Algorithms and Hardness for Active Learning on Graphs

Authors: Vincent Cohen-Addad, Silvio Lattanzi, Simon Meierhans

ICML 2025 | Venue PDF | Archive PDF | Plain Text | LLM Run Details

Reproducibility Variable Result LLM Response
Research Type Experimental We complement our theoretical results with proof-of-concept experiments on both synthetic and real world graphs showing that our algorithm has better experimental performances than the heuristics presented in (Guillory & Bilmes, 2009; Cesa-Bianchi et al., 2010).
Researcher Affiliation Collaboration 1Google 2ETH Zurich, Switzerland.
Pseudocode Yes Algorithm 1 T-GLS(G, τ, k)

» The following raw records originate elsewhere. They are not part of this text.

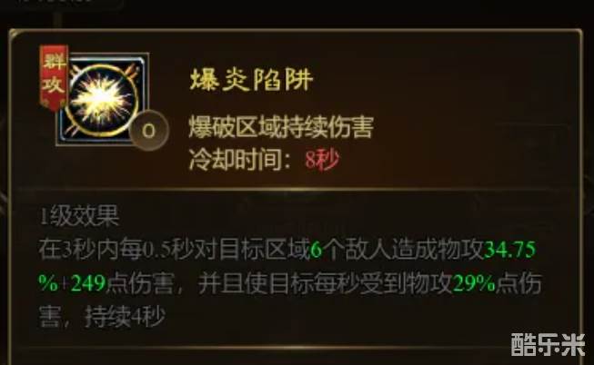 爆炎陷阱:3秒内对范围内的敌人造成多段伤害,并且会附带额外的持续伤害。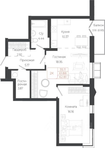 • ✅ Минимальная площадь: 34,8 м²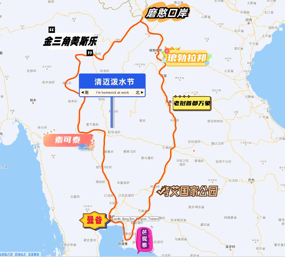✔:環駕老撾泰國全程不走回頭路,不趕路

Open Source Code Yes We provide the code used for running the experiments under https://github.com/mesimon/graph_label_selection.
Open Datasets Yes We then explore the full trade-off between budget k and Ψ(L) for the Davis southern woman graph (Davis et al., 1941). Finally, we run experiments on two real world graphs from the Stanford Network Analysis Project (SNAP) (Leskovec & Krevl, 2014).

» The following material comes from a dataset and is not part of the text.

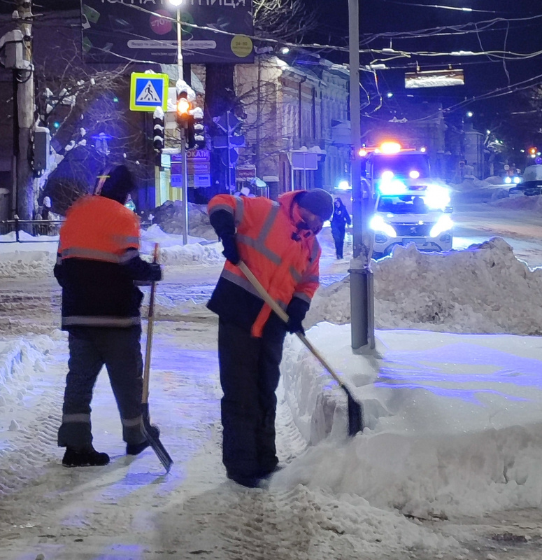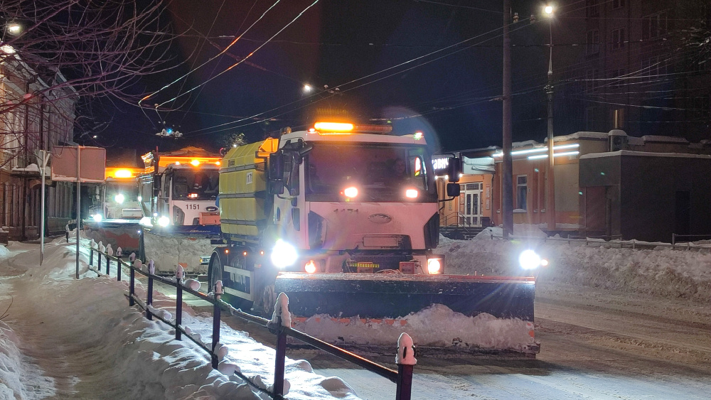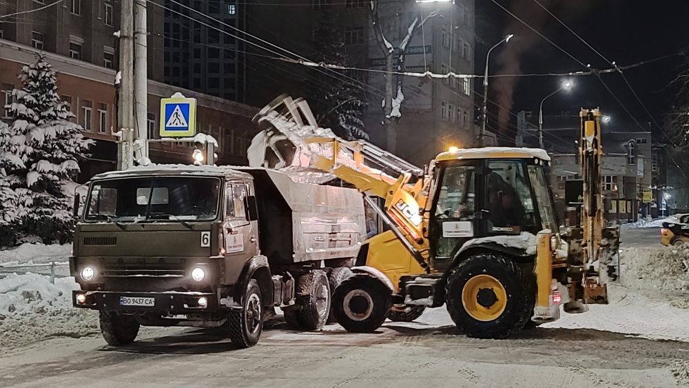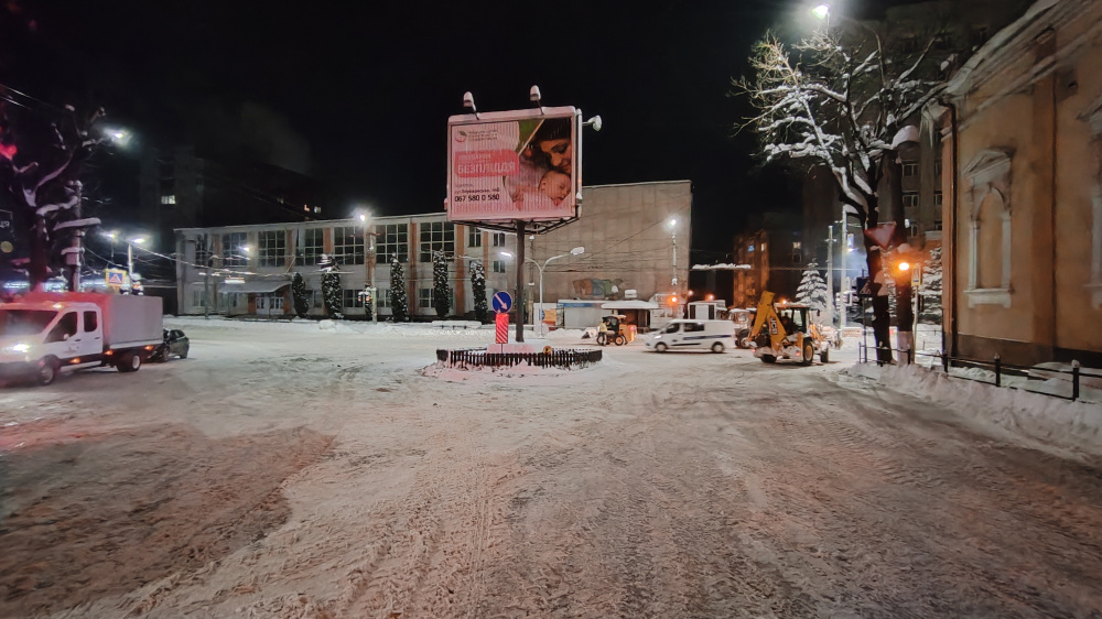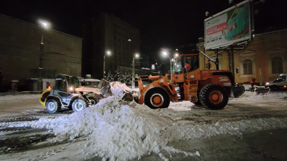 Вночі 13 січня комунальні служби проводили активне вивезення снігу з центральних вулиць Тернополя, залучивши 16 одиниць спецтехніки та 34-ох працівників.

Dataset Splits No The paper focuses on an active learning problem where the goal is to select 'k' vertices whose labels are best suited for predicting other labels. The concept of train/test/validation splits in the traditional sense for model training is not applicable here as the datasets are graphs where vertices are selected, not partitioned into predefined training, testing, or validation sets for a supervised learning task. The paper describes using a 'budget k' to select vertices, which is not a dataset split.
Hardware Specification No The paper does not provide any specific details about the hardware used to run the experiments, such as GPU models, CPU types, or memory.

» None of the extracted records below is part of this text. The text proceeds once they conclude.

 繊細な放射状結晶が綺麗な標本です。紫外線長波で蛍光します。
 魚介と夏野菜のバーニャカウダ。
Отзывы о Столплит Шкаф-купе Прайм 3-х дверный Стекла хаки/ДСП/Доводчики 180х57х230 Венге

Software Dependencies No The paper does not specify any software dependencies with version numbers (e.g., Python 3.x, PyTorch 1.x) that would be needed to reproduce the experimental environment.
Experiment Setup Yes For all experiments, we run the algorithm of (Guillory & Bilmes, 2009) for maximizing Ψ( ) and the algorithm of (Cesa-Bianchi et al., 2010) 10 times and report the mean and standard deviation for the achieved ratio Ψ(L). Since our algorithm is deterministic, we simply report the ratio. We don t allow any slack in the budget k when evaluating the algorithms.